Amer. Le mot avait valu quelques problèmes au candidat démocrate Barack Obama quand il l'avait utilisé il y a quelques mois lors d'une réunion à huis clos avec des donateurs à propos d'électeurs confrontés aux difficultés économiques. Ce qualificatif semble aller comme un gant à l'ex-président Bill Clinton qui a du mal à tourner la page des primaires perdues par son épouse Hillary. Il ne suffit pas de grand chose pour que son amertume explose.
Bill vient de faire encore des siennes. Lors de sa première interview télévisée depuis la défaite d'Hillary, il n'a pas pu s'empêcher de remâcher sa rancoeur. Il ne peut plus faire beaucoup de tort dans l'immédiat à son épouse. En revanche, Barack Obama, qui est dans un duel assez serré avec le candidat républicain John McCain, se passerait bien de ces commentaires qui montrent que la famille démocrate n'est pas vraiment unie.
L'entretien à la chaîne de télévision ABC News a eu lieu alors qu'il se trouvait au Liberia lors d'une tournée africaine sur le thème du sida pour sa fondation. ABC News raconte dans un article sur son site web que l'ex-président a d'abord déclaré qu'il ne voulait pas ressasser de vieilles histoires alors qu'il était interrogé sur son éventuelle responsabilité dans la défaite de son épouse. Mais ensuite, il s'est mis à défendre son rôle et à accuser les médias. A la question: "Est ce que personnellement vous avez des regrets sur ce que vous avez fait, en faisant campagne pour votre épouse?". Il a répondu: "Oui, mais pas ceux auxquels vous pensez. Et ce serait contreproductif pour moi d'en parler (...) Il y a des choses que j'aurais aimé lui dire de faire. Des choses que j'aurais aimé dire et des choses que j'aurais aimé ne pas dire". "Mais je ne suis pas un raciste", a-t-il poursuivi. "Je n'ai pas fait de commentaire raciste et je ne l'ai jamais attaqué (Obama) personnellement". ll faisait référence à ses propos au moment de la primaire de Caroline du Sud qui a suscité la colère de la communauté noire. Après la victoire d'Obama contre sa femme dans cet Etat, il avait semblé limiter l'importance de la victoire en notant que Jesse Jackson avait gagné la Caroline du Sud en 1984 et en 1988 lors de précédentes primaires démocrates. L'ex-président a assuré qu'il n'était pas en colère contre Obama: "Je ne suis pas et je n'ai jamais été furieux contre le sénateur Obama".

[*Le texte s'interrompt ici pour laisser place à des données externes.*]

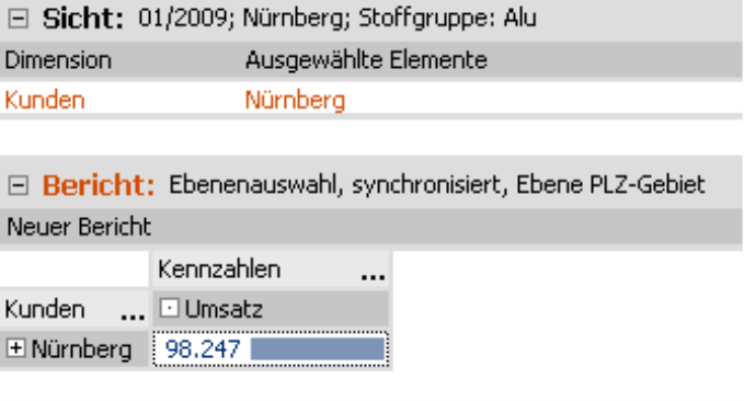 Eine gewisse Ausnahme sind Dimensionen, die selbst im Bericht vorkommen. Das Synchronisieren mit der aktuellen Sicht (Option in der Achsendefinition) führt dazu, dass keine Aggregation stattfindet, sondern die Auswahl im Fenster Sicht die Steuerung übernimmt, welche Zeilen oder Spalten in der Pivottabelle angezeigt werden sollen. Im Fenster Sicht ändert sich aber nichts; hier wird weiterhin eine Kombination von Merkmalsausprägungen eingestellt, die zulässig sein muss – und deshalb nicht unter- und übergeordnete Elemente gemeinsam enthalten darf.
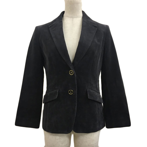 アンクライン ANNE KLEIN ジャケット テーラード シングル シルク カシミヤ混 コーデュロイ 長袖 7 グレー レディース
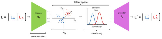 Compression by a lossless encoder removes redundancy. The observations in L are then represented in the latent space defined by z and clustered according to their normalized compression distance [13]: a tractable approximation of the algorithmic complexity (image inspiration from [6]).
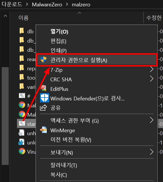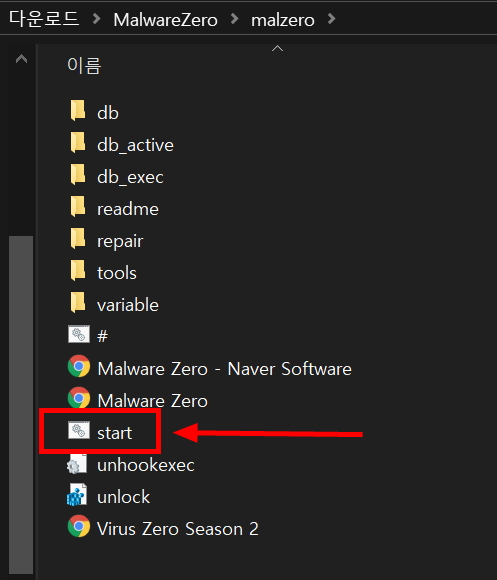 2) malzero 폴더 내에 존재하는 start 파일(start, start.bat : 톱니 모양 아이콘) 실행.
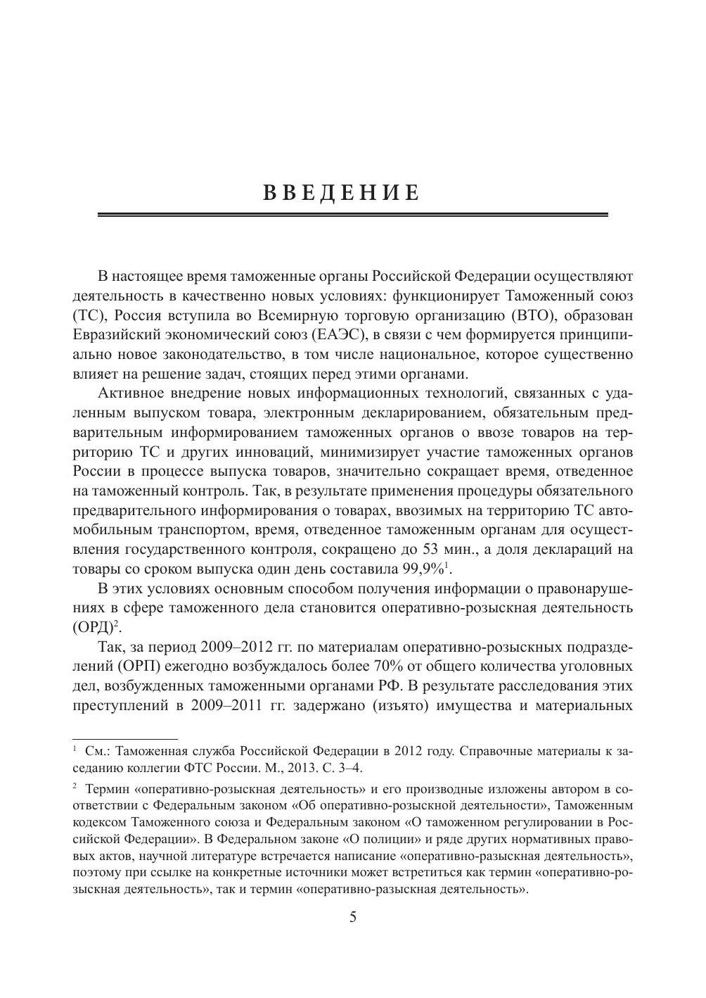 Оперативно-розыскная деятельность таможенных органов Российской Федерации: теоретические, правовые и организационные аспекты

Bill a fini la campagne des primaires plutôt isolé, embarrassant ses amis par ses explosions de colère. Pendant des semaines, le monde politique et médiatique a décrit un ex-Président hors du coup, irascible, narcissique, multipliant les gaffes. « Qu’est-il arrivé à Bill Clinton ? Pendant des mois, cela a été un grand mystère de la campagne : comment l’homme politique le plus talentueux de sa génération pouvait-il devenir une incessante machine à gaffes », s'interrogeait en mai le journaliste Jonathan Darman dans Newsweek. Des hypothèses ont été avancées : l’ex-Président aurait passé trop de temps ces dernières années avec des milliardaires ou il aurait tenté inconsciemment de saboter la campagne de son épouse. Darman pensait plutôt que l’équipe de campagne d’Hillary avait décidé que Bill devait garder profil bas et ne pas trop déployer son charme. Et c’était un rôle que l’ex-Président avait du mal à endosser.
Le voyage en Afrique avant un discours à la Conférence internationale sur le sida cette semaine à Mexico était l'occasion pour Bill Clinton de retrouver une posture d'ancien président, sage parmi les sages, qu'il a perdue pendant la campagne des primaires. Mais son explosion d'amertume le fait apparaître de nouveau comme un has-been qui n’accepte pas que son heure de gloire soit passée et qui ne supporte pas l'idée que Barack Obama puisse le transformer définitivement en retraité de la politique.